ITO contracts have had a somewhat longer evolution, starting as multiyear deals where vendors could reap greater profits as operating costs declined due to the increased automation of the overall monitoring and maintenance. These contracts then moved to shorter-term durations and, more recently, have stipulated cost decreases over time such that any operating costs savings created by the vendor are passed along, or at least shared with, the customer. The ITO market has likewise seen a shift or rebranding of these customer offers into infrastructure managed services to pivot the contract model to be more in line with SaaS constructs.

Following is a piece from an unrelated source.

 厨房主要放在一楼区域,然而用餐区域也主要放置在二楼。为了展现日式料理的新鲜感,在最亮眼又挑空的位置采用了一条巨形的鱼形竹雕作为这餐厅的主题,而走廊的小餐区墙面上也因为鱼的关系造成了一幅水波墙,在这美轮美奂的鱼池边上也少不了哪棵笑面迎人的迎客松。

When inflation was last a top-of-mind economic consideration, most IT was on premises and operated by company personnel. TBR seriously doubts strategic scenario planning for these new subscription consumption models prior to perhaps late 2020 anticipated the current inflationary levels and their potential operating impact.

What is the immediate inflationary risk to XaaS and ITO business models?

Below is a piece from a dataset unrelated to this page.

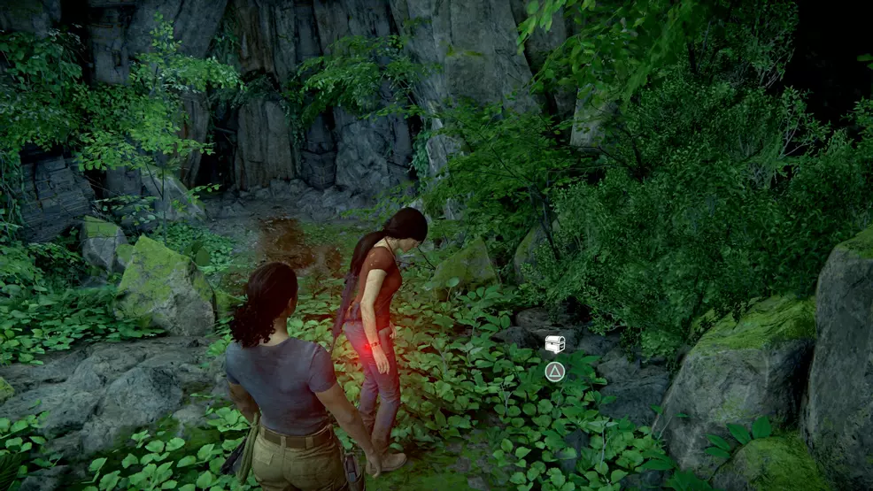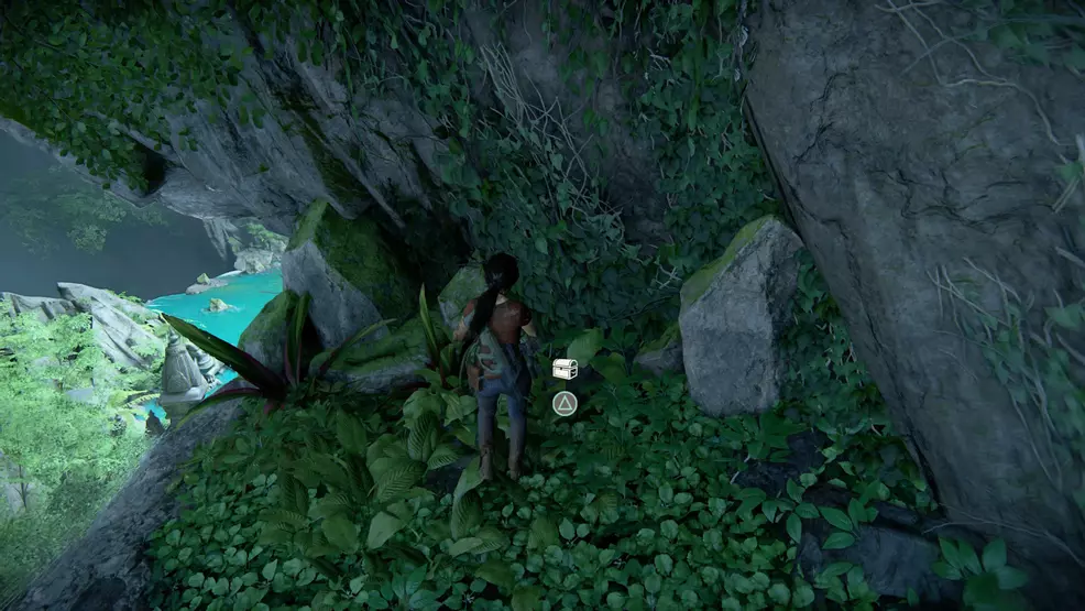 Similar moss-covered stones are how players can reach the 63rd treasure, the Peacock Nut Cutter. To reach this treasure, instead of using the stones to climb up the wall a bit later on, use them to climb down to a hidden ledge. Afterwards, continue pushing the story forward until reaching the point when Sam pushes a crate down and then pulls Chloe and Nadine up. Run into the cave here and follow the tunnel to the end to find the British Powder Flask.

SaaS models take several years to generate profit in what is variously described as the flywheel effect or the force multiplier effect. Increased labor and utility costs beyond forecast and tethered to long-term contracts will add several percentage points of operating costs to these models. In this sense, the newer the SaaS operating model the less risk it will have to cost structure as it has less renewed revenue. TBR expects the more mature the SaaS model, and greater amount of accrued or committed revenue, the more adverse the bottom-line operating impact.

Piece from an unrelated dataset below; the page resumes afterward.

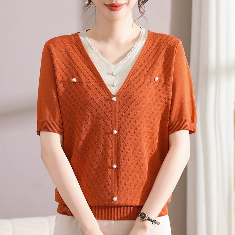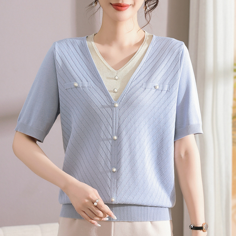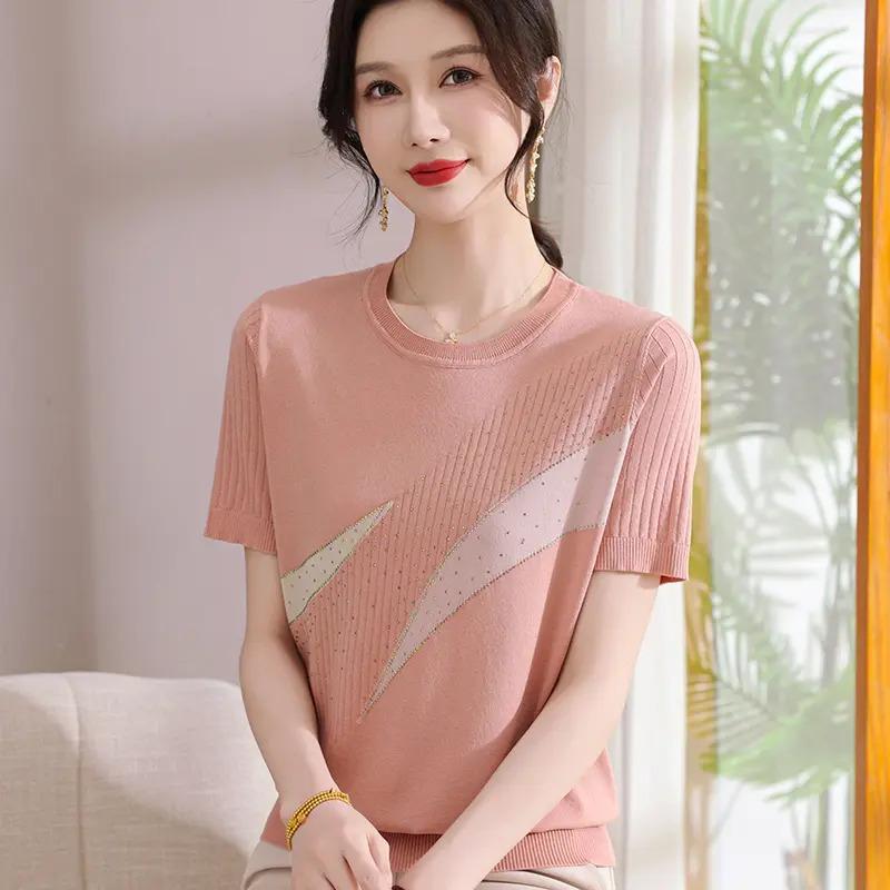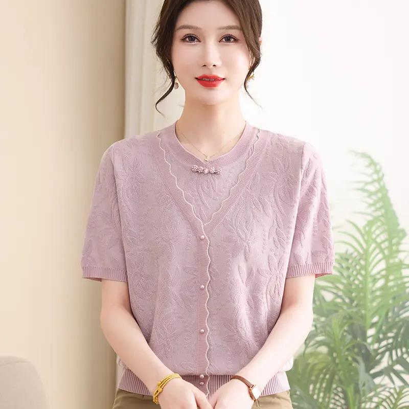 新しい中国風のVネックファッショナブルな無地半袖ホットダイヤモンドセーター中高年母親の春夏国民風トップス

The ITO market, on the other hand, has shown persistent declines, resulting in consolidations and divestments to profitably manage eroding streams traditional ITO vendors seek to convert into managed services agreements. The inflation impact on costing will amplify the need to infuse these business practices with more automated capabilities or increased low-cost (typically offshore) labor as offsets. Still, the operating profit declines in this space will likely worsen unless vendors seek to negotiate incremental cost increases that customers may or may not be willing to accept based on their own issues with cost containment.

What go-forward tactics are in the technology vendor toolbox to mitigate inflationary impact?

Inflation is not new, but the operating models prevalent now were not around when we last experienced it. Business strategists still have a blend of initiatives they can embrace to preserve their operating models and their customer relationships:

  1. Market education: Transparent declarations on the cost impacts to the vendor business and any suggestions of sharing the burden with customers can preserve customer loyalty.
  2. Customer research in existing brand perception. The XaaS Pricing team has a very good blog outlining the Van Westendorp Price Sensitivity Meter and its applicability setting B2B SaaS pricing strategy. That research methodology can assist vendors in level setting where they stand with customers on the value perception and give pricing strategists a line of sight into how much room they have within their brand perception for implementing price increases.
  3. New contract language for price increases: The historic quiet period on inflation, coupled with the innate reality within technology of “faster, better, cheaper,” has customers expecting price reductions for IT that will require true customer education around inflation as an offset to those prevailing market expectations. This will not help with the inflationary impacts on the existing contracts that must be honored, but can establish a new go-forward pricing model that can take into account a business risk largely dormant for the better part of 40 years.

Inflation as a business risk will persist for the foreseeable future. TBR will be assessing it closely as public companies report their earnings and release their financial filing documents.